Re: Hibernate stuck after recent kernel/workqueue.c changes in Stable 6.6.23

From: Linux regression tracking (Thorsten Leemhuis)
Date: Wed Apr 03 2024 - 00:26:39 EST


On 03.04.24 02:38, Tejun Heo wrote:
> On Tue, Apr 02, 2024 at 10:08:11AM +0200, Linux regression tracking (Thorsten Leemhuis) wrote:
>> Hi stable team, there is a report that the recent backport of
>> 5797b1c18919cd ("workqueue: Implement system-wide nr_active enforcement
>> for unbound workqueues") [from Tejun] to 6.6.y (as 5a70baec2294) broke
>> hibernate for a user. 6.6.24-rc1 did not fix this problem; reverting the
>> culprit does.
>>
>>> With kernel 6.6.23 hibernating usually hangs here: the display stays
>>> on but the mouse pointer does not move and the keyboard does not work.
>>> But SysRq REISUB does reboot. Sometimes it seems to hibernate: the
>>> computer powers down and can be waked up and the previous display comes
>>> visible, but it is stuck there.
>>
>> See https://bugzilla.kernel.org/show_bug.cgi?id=218658 for details.
>> Note, you have to use bugzilla to reach the reporter, as I sadly[1] can
>> not CCed them in mails like this.
>>
>> Side note: there is a mainline report about problems due to
>> 5797b1c18919cd ("workqueue: Implement system-wide nr_active enforcement
>> for unbound workqueues") as well, but it's about "nohz_full=0 prevents
>> kernel from booting":
>> https://bugzilla.kernel.org/show_bug.cgi?id=218665; will forward that
>> separately to Tejun.
>
> Sorry about late reply

No problem at all, really, thx for your reply!

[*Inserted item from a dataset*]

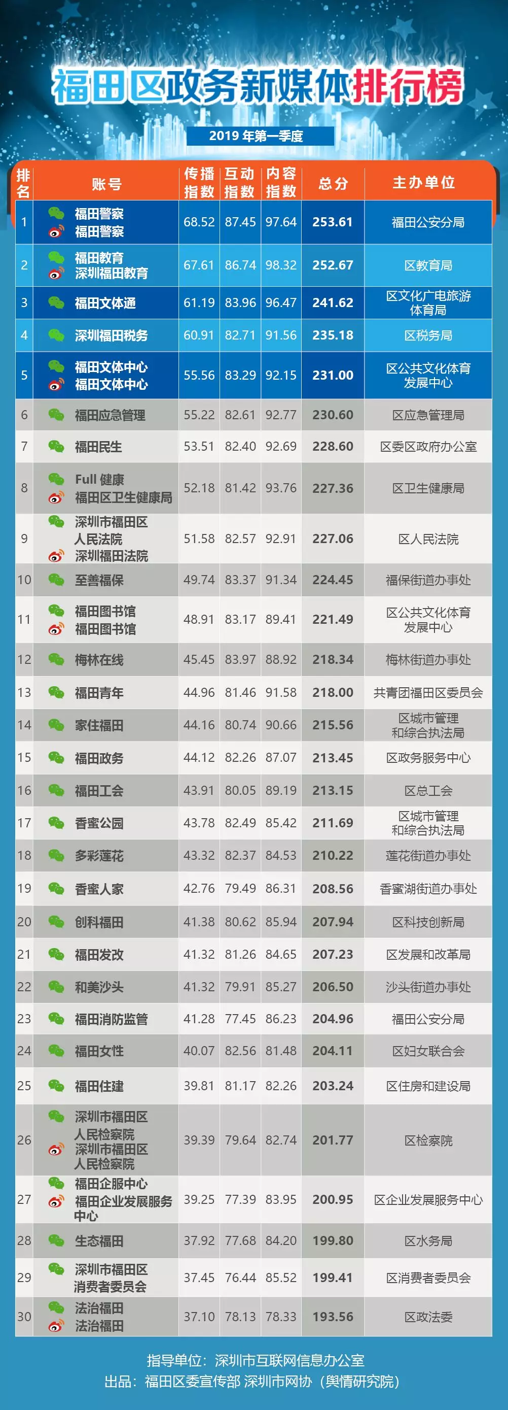 《福田區(qū)政務(wù)新媒體排行榜》出爐啦??!
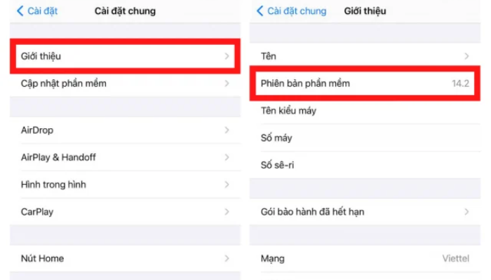 Trước khi nâng cấp, bạn check xem iPhone của bạn có đang chạy phiên bản iOS mới nhất không bằng cách vào Cài đặt, chọn Cài đặt chung, đi đến mục Giới thiệu và xem phiên bản iOS hiện tại của máy.

> but that commit is not for -stable. It does fix an
> undesirable behavior from an earlier commit, so it has the Fixes tag but it
> has a series of dependencies that need to be backported together

Not sure if you know, but the stable team apparently recently backported a
bunch of other workqueue commits as well; I see 10 from a quick look here:
https://lore.kernel.org/all/20240326223803.2647796-1-sashal@xxxxxxxxxx/

$ git log --grep='workqueue:' --oneline v6.6.22..stable/linux-6.6.y -- include/linux/workqueue.h kernel/workqueue*
7df62b8cca38aa workqueue: Don't call cpumask_test_cpu() with -1 CPU in wq_update_node_max_active()
5a70baec2294e8 workqueue: Implement system-wide nr_active enforcement for unbound workqueues
b522229a56941a workqueue: Introduce struct wq_node_nr_active
bd31fb926dfa02 workqueue: RCU protect wq->dfl_pwq and implement accessors for it
5f99fee6f2dea1 workqueue: Make wq_adjust_max_active() round-robin pwqs while activating
4023a2d9507691 workqueue: Move nr_active handling into helpers
6c592f0bb96815 workqueue: Replace pwq_activate_inactive_work() with [__]pwq_activate_work()
bad184d26a4f68 workqueue: Factor out pwq_is_empty()
82e098f5bed1ff workqueue: Move pwq->max_active to wq->max_active
43a181f8f41aca workqueue.c: Increase workqueue name length

And there is also "workqueue: Shorten events_freezable_power_efficient name"
in the queue for the next 6.6.y release:
https://git.kernel.org/pub/scm/linux/kernel/git/stable/stable-queue.git/tree/queue-6.6

That leads to the question: what is the better patch forward here: pick
up what's is missing or back out?

Side note: I have no idea why the stable team backported those patches
and no option on whether that was wise, just trying to help finding the best
solution forward from the current state of things.

> which would
> be far too invasive for -stable, thus no Cc: stable.
>
> I didn't know a Fixes
> tag automatically triggers backport to -stable. I will keep that in mind for
> future.

/me fears that more and more developers due to situations like this will
avoid Fixes: tags and wonders what consequences that might have for the
kernel as a whole

Ciao, Thorsten